Anyway I am spending too much time on this email as it is. Hope this has been useful.
I don’t have much to add to the body of this email and will let the readers analyse it of their own accord.
However, I certainly take issue with point 2 above, ” You shouldn’t try to work this out with logic”.
If you have the kind of social blinders on I described in reply to PP’s email at the very top of this post, you will certainly need to spend some time working transactions out with logic. Through experience and practice, these behaviours can then be passed over to the right brain for intuitive, automatic use in future.
One of the main purposes of the “Candy and Coins” model is to help readers think logically about social interaction. I have specifically and intentionally reduced social interaction down to a left-brain symbolic “currency” model. I know Bliss himself is extremely intuitive and right-brained and never had much trouble working with emotional nuance in social situations. This is simply not the case for many of my readers.
Perhaps Bliss meant, “Don’t work things out logically while out in the field“? Meaning one should avoid logical thinking while out socializing in order not to break the emotional flow of a situation.
This is still wrong in my opinion. “Candy and Coins” can definitely be used as part of a checklist system while out, e.g.:
- Energetic girl on dance floor –> she wants “dancing” coin
- Bored girl sat at table –> she wants “interesting conversation” (read: stimulating distraction) coin
- Man proudly talks about job –> he wants “recognition” coin
Logic can also be used in retrospect to debug situations, e.g. “What coins were wanted in that situation? Did I try and trade the right coin?” Transactions can be honed via this recursive “experience–>analysis–>experience…” loop.
Yes, this will all be passed over to the right brain to be used intuitively (without “logical thinking”) in the future. But to say “you shouldn’t try to work this out with logic” is misleading in my opinion and goes against the grain of the purpose of the model.
Coins and Punishment
Something important I missed from the original post is when to withdraw coins, as a form of punishment. This can be used on both men and women, but if you are a male reader you will be using such punishments on women more than anyone else.
Obviously this only works on people who have become accustomed to receiving a steady stream of coins from you.
As Blackdragon reminds us non-stop, women like attention more than anything else — and even negative attention is still attention. So giving her attention is giving her a “coin”. If she is not giving you the coin back that you want (i.e. she is giving you a “drama” coin when you don’t want that), rather than trying to trade a different coin (placating her) or trying to tell her off (which is just another “attention” coin), to get her trading again in the way you want you will often be required to withdraw your coins entirely (via freeze-outs/soft-nexts) for a period of time.
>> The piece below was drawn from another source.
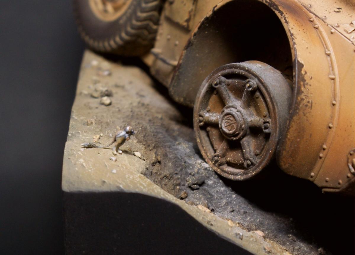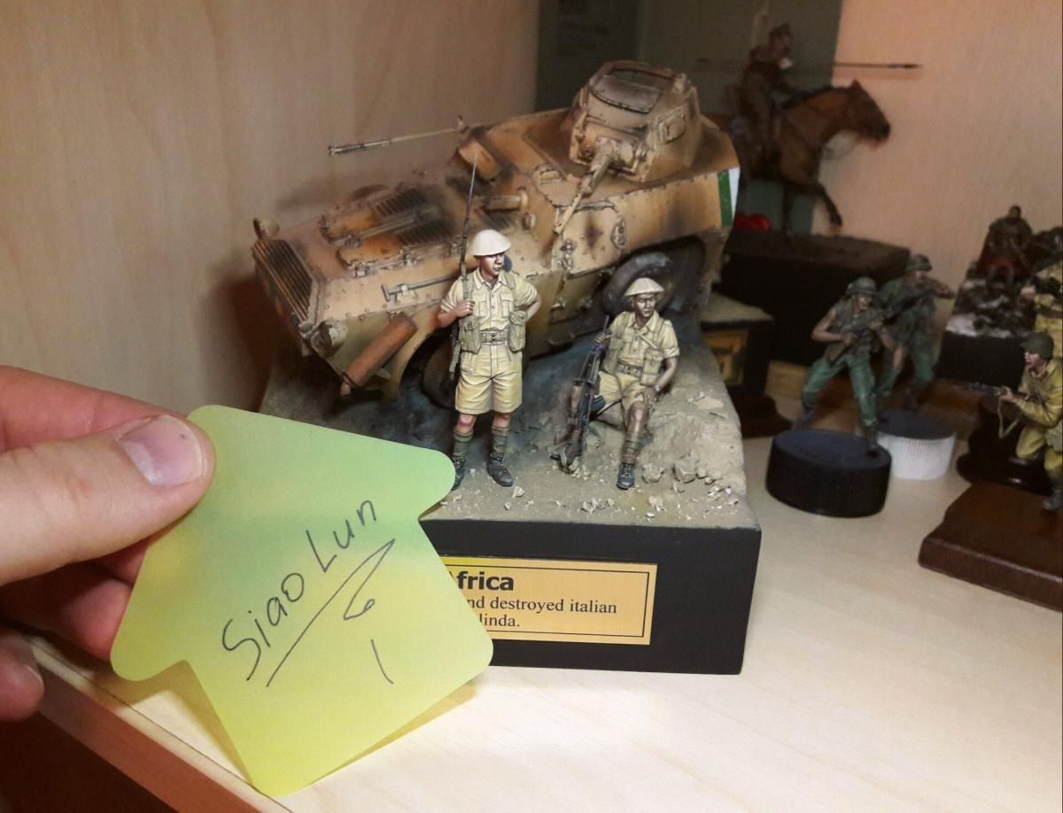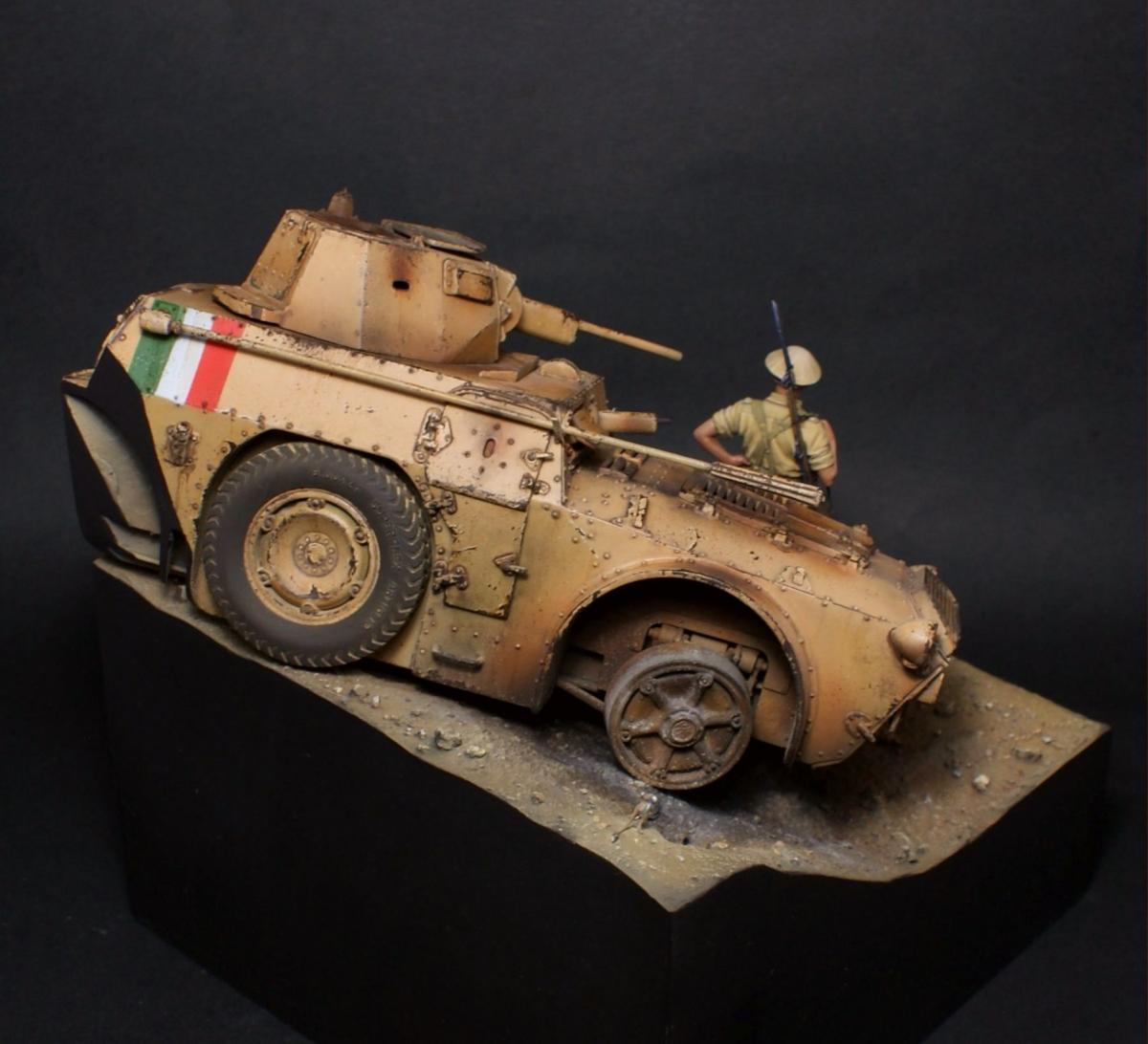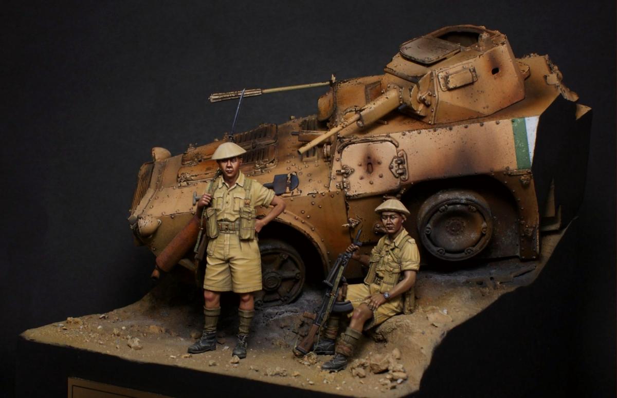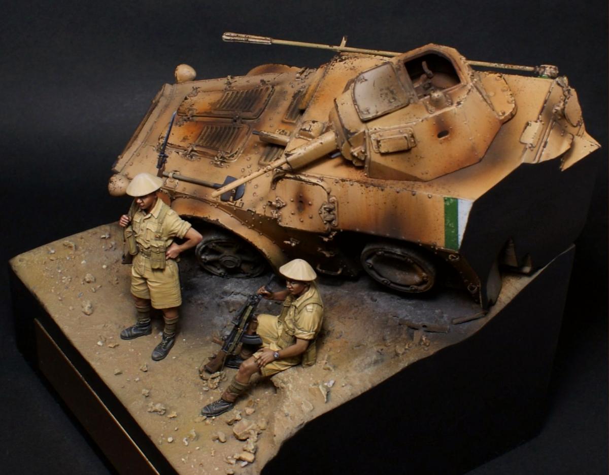 "День — ночь — день — ночь — мы идём по Африке, День — ночь — день — ночь — всё по той же Африке." Редьярд Киплинг Я давно вынашивал идею сделать виньетку с "обрезанной" техникой, привлекала компактность таких работ и именно итальянская бронетехника, ввиду её редкости в моделизме. Как раз кстати мне попалось несколько фотографий с подбитыми и сгоревшими Аутоблиндами. Этот интересный броневик с возможностью одинакового хода в обе стороны, пришёлся как нельзя кстати - повертев его в обе стороны я пришёл к наиболее удачному для композиции направлению. В работе использованы фигуры от Evolution, итальянский броневик Autoblinda AB41 от Italieri. Фигуры были немного доработаны - сделал ремни из фольги и проволоки. Пулемётчик был выполнен немного смуглее для разнообразия. Броневик собран с незначительными доработками. Кое-где добавил самодельной мелочёвки и поставил фары "Эльф". Стройка заняла почти два месяца с перерывами. Роспись и окраска техники - акрил Vallejo. Спасибо за внимание! http://cdn-frm-eu.wargaming.net/wot/ru/uploads/monthly_11_2016/post-1387362-0-22628200-1479491223_thumb.jpghttp://cdn-frm-eu.wargaming.net/wot/ru/uploads/monthly_11_2016/post-1387362-0-06540200-1479491276_thumb.jpghttp://cdn-frm-eu.wargaming.net/wot/ru/uploads/monthly_11_2016/post-1387362-0-27994200-1479491291_thumb.jpghttp://cdn-frm-eu.wargaming.net/wot/ru/uploads/monthly_11_2016/post-1387362-0-26851200-1479491296_thumb.jpghttp://cdn-frm-eu.wargaming.net/wot/ru/uploads/monthly_11_2016/post-1387362-0-22949000-1479491306_thumb.jpghttp://cdn-frm-eu.wargaming.net/wot/ru/uploads/monthly_11_2016/post-1387362-0-87043100-1479491300_thumb.jpghttp://cdn-frm-eu.wargaming.net/wot/ru/uploads/monthly_11_2016/post-1387362-0-68809500-1479491313_thumb.jpghttp://cdn-frm-eu.wargaming.net/wot/ru/uploads/monthly_11_2016/post-1387362-0-05112200-1479491327_thumb.jpghttp://cdn-frm-eu.wargaming.net/wot/ru/uploads/monthly_11_2016/post-1387362-0-12800900-1479491332_thumb.jpghttp://cdn-frm-eu.wargaming.net/wot/ru/uploads/monthly_11_2016/post-1387362-0-94441900-1479491337_thumb.jpghttp://cdn-frm-eu.wargaming.net/wot/ru/uploads/monthly_11_2016/post-1387362-0-81438400-1479491346_thumb.jpghttp://cdn-frm-eu.wargaming.net/wot/ru/uploads/monthly_11_2016/post-1387362-0-24827600-1479491352_thumb.jpghttp://cdn-frm-eu.wargaming.net/wot/ru/uploads/monthly_11_2016/post-1387362-0-80629000-1479491362_thumb.jpg

The same goes for men who are creating drama, too.
Temporary withdrawal of coins is also the premise behind Mystery’s “takeaways”. We value higher that which we had and then lost.
Coins and Actual Money
Finally, I feel obligated to say that we are rarely talking about actual money when mentioning “coins”.
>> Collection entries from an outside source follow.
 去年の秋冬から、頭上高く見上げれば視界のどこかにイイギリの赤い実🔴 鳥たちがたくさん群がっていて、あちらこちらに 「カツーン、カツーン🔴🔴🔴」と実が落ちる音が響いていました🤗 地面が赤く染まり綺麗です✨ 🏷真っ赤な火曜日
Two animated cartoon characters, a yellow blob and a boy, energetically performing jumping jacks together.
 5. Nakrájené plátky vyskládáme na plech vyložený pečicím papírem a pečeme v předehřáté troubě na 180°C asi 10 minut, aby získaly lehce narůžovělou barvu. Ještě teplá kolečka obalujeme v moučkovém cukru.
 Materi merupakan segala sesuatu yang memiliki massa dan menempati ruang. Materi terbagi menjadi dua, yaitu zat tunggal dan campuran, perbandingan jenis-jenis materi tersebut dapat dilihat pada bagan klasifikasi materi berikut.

If you are trying to trade actual money for sex (in the form of cash, gifts, or expensive dates), then your trade system is more efficiently employed via going to a prostitute.
If you are trying to trade actual money for friendship, don’t be surprised when the friendship coins stop flowing back to you when your actual money runs out.
Refer back to the “strengths and weaknesses” section of this post to determine where your supplies of unlimited coins are.